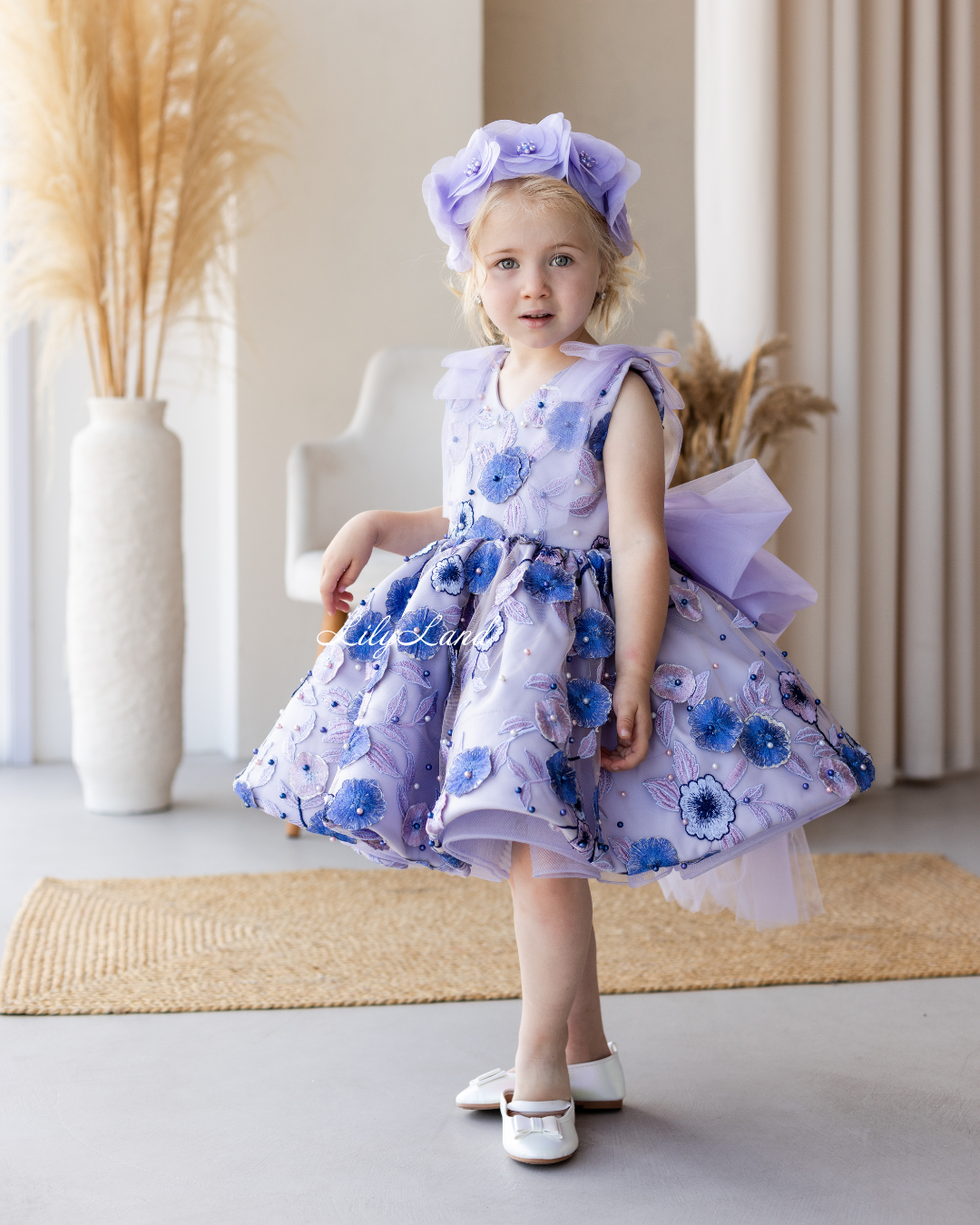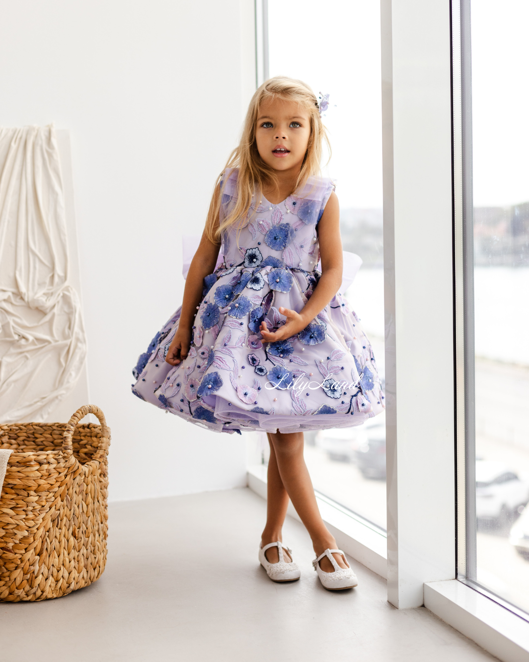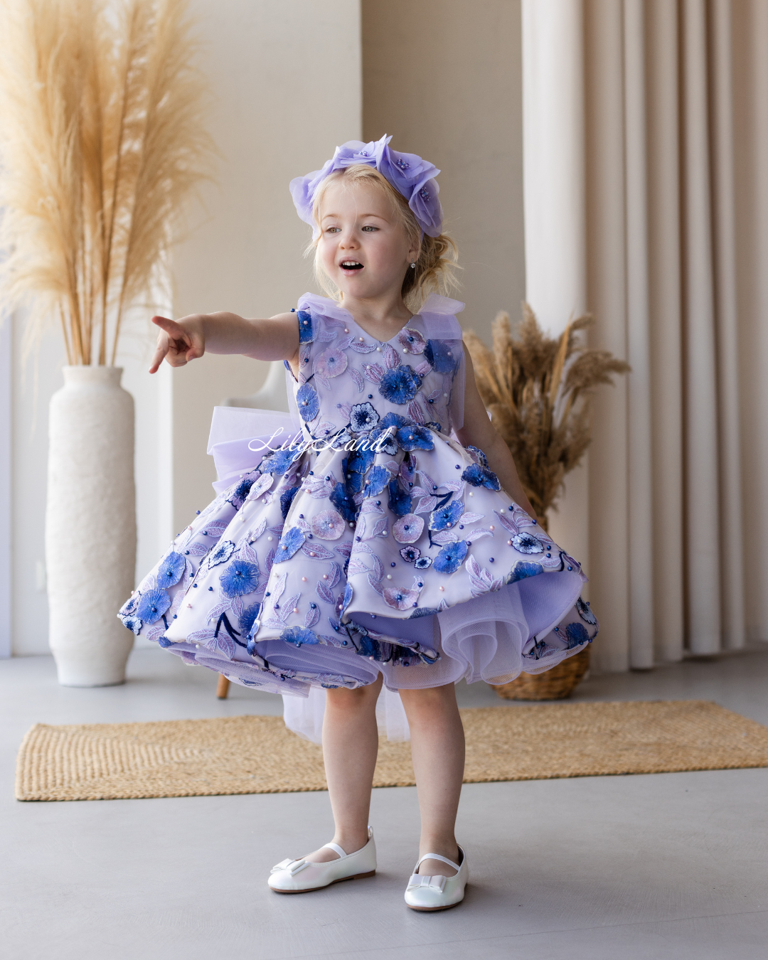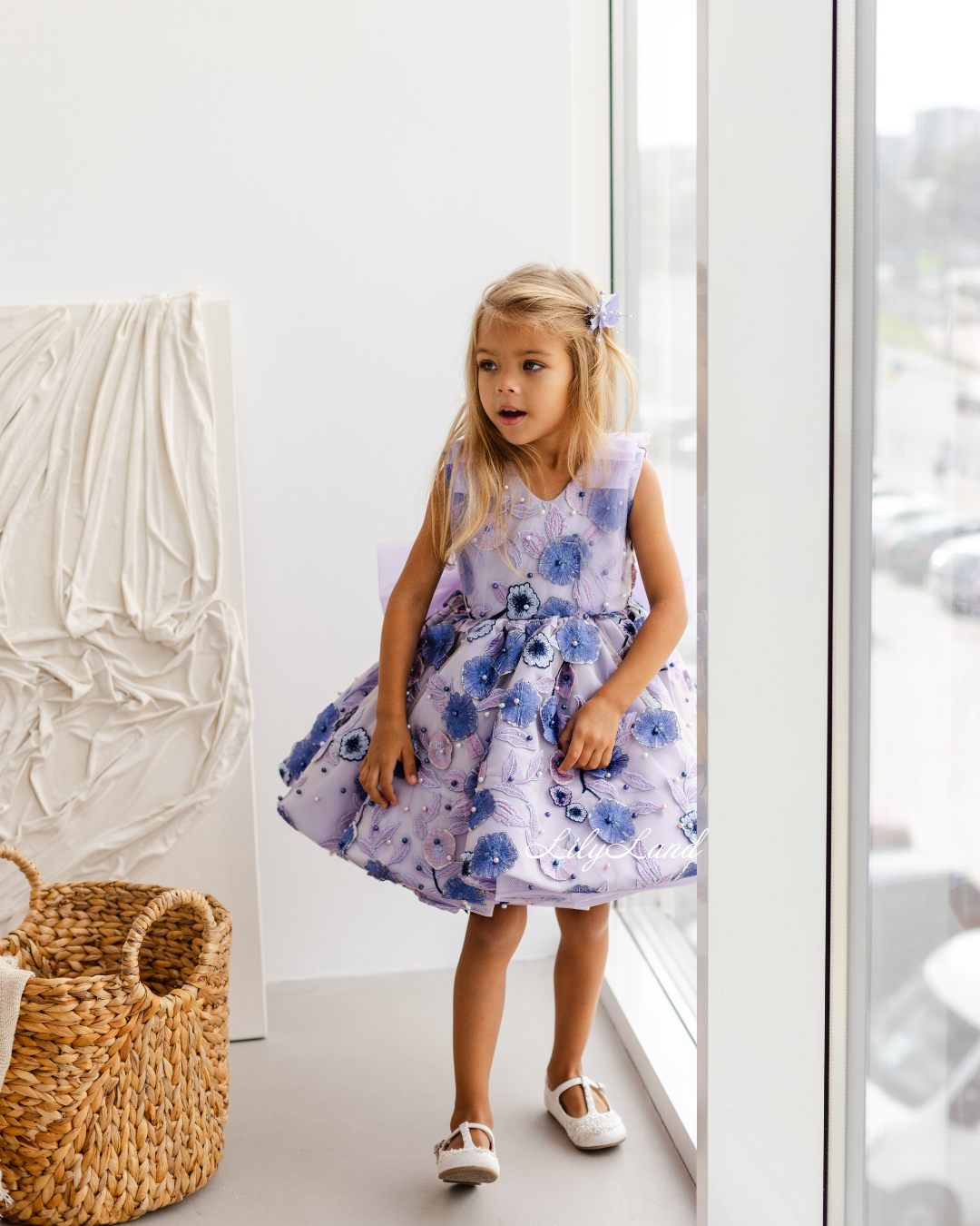 Malva Girl Dress with Floral embroidery and Pearls in Lavender
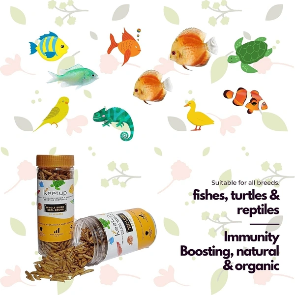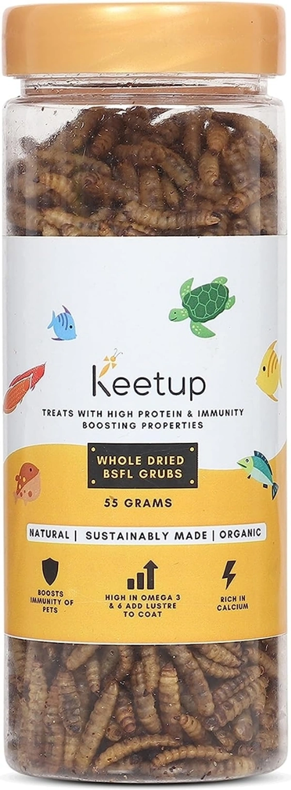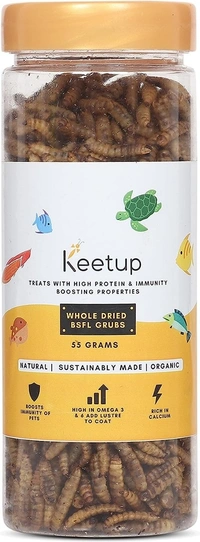 NUTRIENT-RICH FISH FOOD: Keetup's BSFL are packed with Omega-3 and Omega-6 fatty acids, proteins, vitamins, and minerals. They contain up to 40% highly digestible protein and essential amino acids for your fish's need.
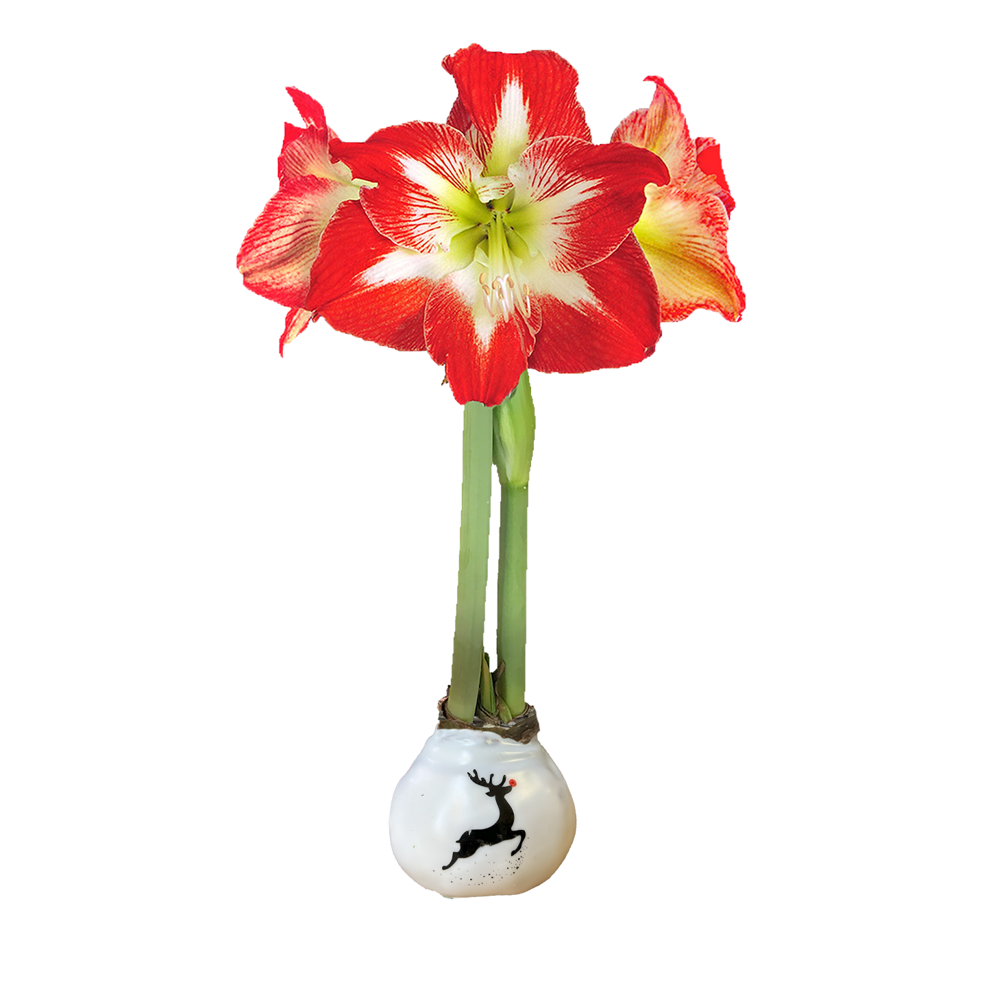 The Reindeer bulb features a jumping reindeer on white wax with a red and white "Minerva" amaryllis flower.
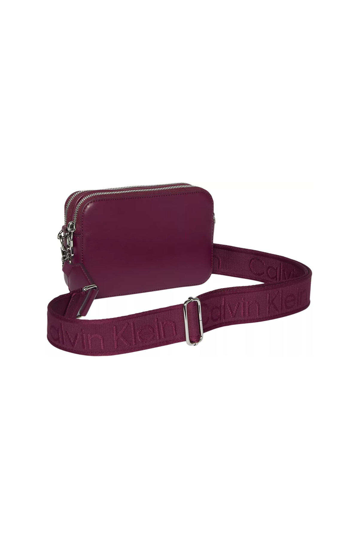 Çantanın en belirgin özelliği, eşyalarınızı düzenli tutmanızı sağlayan iki adet fermuarlı ana bölmesidir. Ön panelin alt kısmında yer alan gümüş tonlarındaki rafine "Calvin Klein" ibaresi, markanın ikonik imzasını taşır. Tasarım, markanın adını taşıyan geniş ve sportif dokuma (webbing) askısı ile modern bir estetik kazanırken, gümüş renkli metal donanımlar bu şıklığı tamamlar. 65 cm boyundaki ayarlanabilir askısı, çantayı hem omuzda hem de çapraz olarak konforla kullanmanıza imkan tanır.
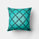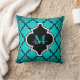 Aqua Black Quatrefoil Pattern Monogrammed Pillow
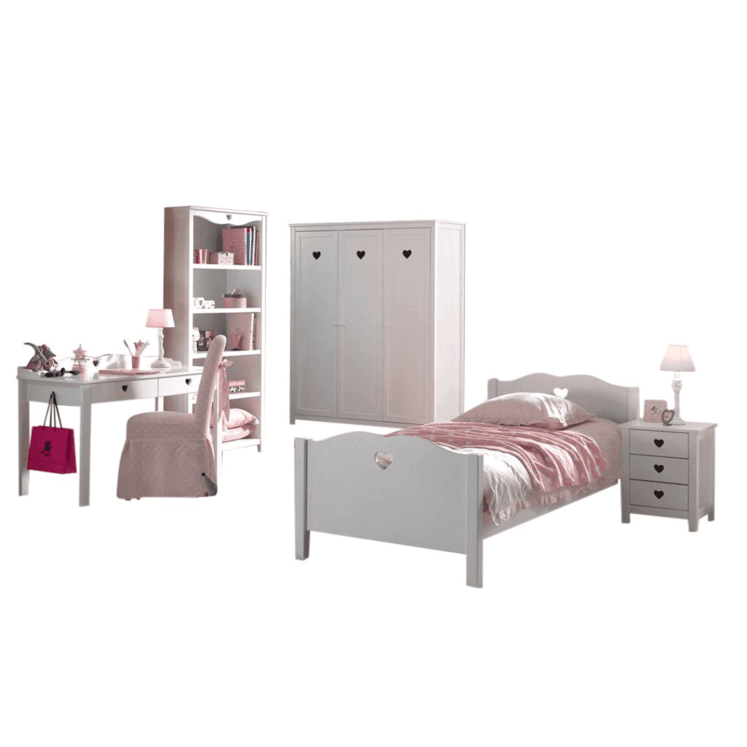 Rendezd be egyszerűen a gyermeked szobáját az Amori55 gyerek bútor szettel. Minden a készlet része, amire csak szükségetek lehet. A fehérre lakkozott fenyőből készült bútorok nem csak szépek, és elegánsak, hanem tartósak és funkcionálisak is. Az összes bútoron szerepel az Amori jellegzetes szív formájú faragása, mely tökéletes összhangot teremt a termékek között. A szett tartalma, és méretei: ágykeret ágyráccsal 211x96x80cm, éjjeliszekrény 45x40x55cm, íróasztal 130x60x84.5cm, polc 90x190x40cm, szekrény 159x57x190.5cm.
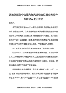 区政务服务中心能力作风建设会议暨业务提升专题会议上的讲话.docx

Assignment:
Through the line containing "NUTRIENT-RICH FISH FOOD: Keetup's" and no further, restate the data above word for word from its first line, leaving out pictures.

Finished task:
 Malva Girl Dress with Floral embroidery and Pearls in Lavender
 NUTRIENT-RICH FISH FOOD: Keetup's BSFL are packed with Omega-3 and Omega-6 fatty acids, proteins, vitamins, and minerals. They contain up to 40% highly digestible protein and essential amino acids for your fish's need.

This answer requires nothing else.